Beyond finances, the preK-12 educational system has to be changed to be more just and holistic, including getting rid of the punitive use of the MCAS exams. "We want the money spent on our public schools and colleges, and implementing the Student Opportunity Act, but we want to embrace a whole-child approach to education," Page said. "We need to get rid of what is hampering educators, which is the current set-up of this high-stakes testing system."
Governor Maura Healey, who supported the Fair Share Amendment, has said publicly several times that she understands its funds will be in addition to, not in place of, existing appropriations for education. Similar statements have been made since November by other state leaders, including Senate President Karen Spilka.
Healey, whose first budget is expected to be delivered to the Legislature by March 1, won the recommendation of the MTA in her gubernatorial race.
MTA leaders already have scheduled or held meetings with her cabinet members, including Patrick Tutwiler, the new Secretary of Education, to share the union’s priorities. Unlike his predecessor, Tutwiler has had a long career in public education, including work as a classroom teacher and school and district administrator.
The MTA’s priorities for the Fair Share proceeds are encased in a package of bills newly introduced on Beacon Hill. Each has received the endorsement of the MTA Government Relations Committee, and a grassroots campaign to encourage their passage will unfold soon.
The idea is to put the weight of the 115,000-member union behind each priority, in much the same way that union members have rallied for each other at the local level to fight for better contracts.
In other words, the familiar chant, "when we fight, we win" is going to be applied to statewide educational priorities.
The legislative agenda includes adoption of the Cherish Act for higher education, which would include debt-free public higher education, starting with community college and later including fouryear universities. More than 700,000 people in Massachusetts have some college credits, but no degree, Page noted. "It’s one thing to get access to college, but we have to help students get the best experience in college and get to graduation without crippling debt."
The newly reintroduced Cherish Act also would expand eligibility for state health care and retirement benefits to adjunct and part-time faculty. And it would add more funds for student support services, ensure adequate minimum funding for public higher education and require the state to resume coverage of capital construction and maintenance expenses, which are now passed on to local campuses and students.
The Thrive Act is the anti-high-stakes testing bill and would remove Massachusetts as an outlier among states in tying a standardized test to graduation. Only eight states now do so. The proposal would replace the MCAS graduation requirement with one that allows students’ districts to certify their completion of coursework and mastery of skills. And it would eliminate the use of state "receiverships" and return democratic control to communities and school committees.

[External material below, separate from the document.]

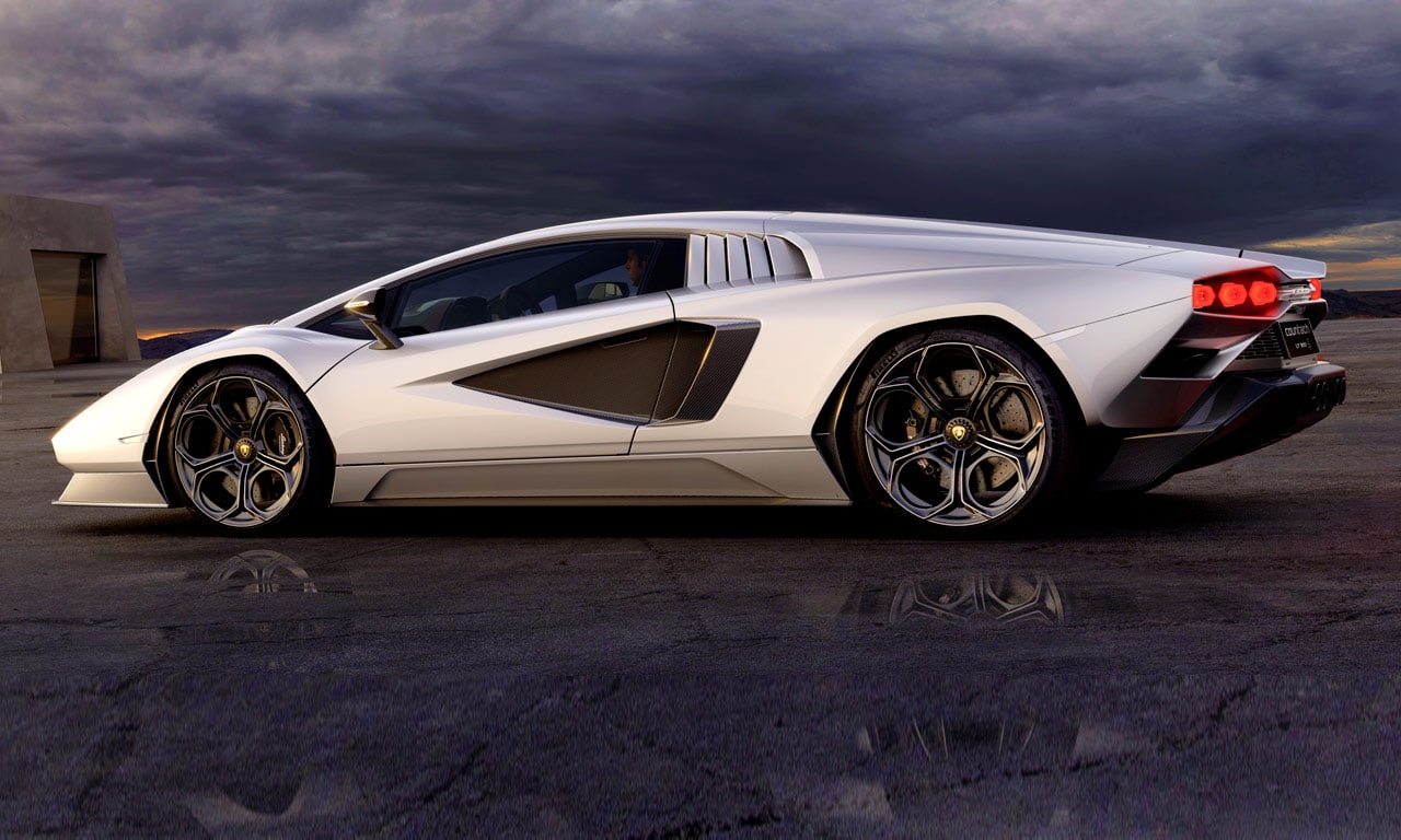 O Lamborghini Countach LPI 800-4 2022 é uma visão do Countach original pensada para o século 21 e tem como base a estrutura do Aventador e a mecânica híbrida do Sián. As linhas remetem ao Countach original, com destaque para as formas retangulares para faróis e entradas de ar do para-choque dianteiro. O modelo mantém a forma de cunha e as portas estilo tesoura do cupê original.

The MTA also is making a priority of a fair inflation adjustment, or COLA, for public education retirees. Current law allows a COLA to be applied only to the first $13,000 of a pension. The bill would address this unfairness by immediately increasing that base to $18,000 and over time aligning it with the maximum amount used in Social Security benefits, which is $43,524 in 2023.

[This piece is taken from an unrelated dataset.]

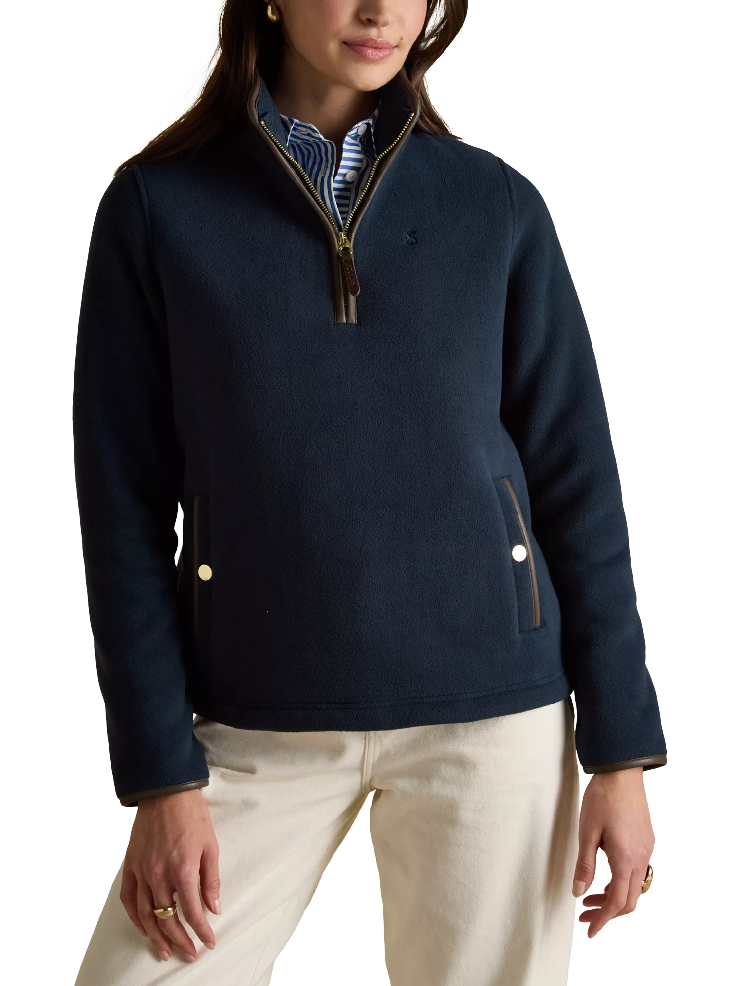 A quarter zip fleece with a contrasting cord collar and trims that elevate the look. Large front pockets are practical for small items and keeping your hands warm and cosy.

To get these priorities made into law, it’s important for MTA members to become versed in the legislative agenda.
"If we can commit ourselves to self-education as a union, when it comes to our legislative agenda, and how we can use policy to really transform what public education looks like in Massachusetts, then we will have a lot of collective power," said Betsy Preval, a member of the Cambridge Education Association and chair of the MTA Government Relations Committee.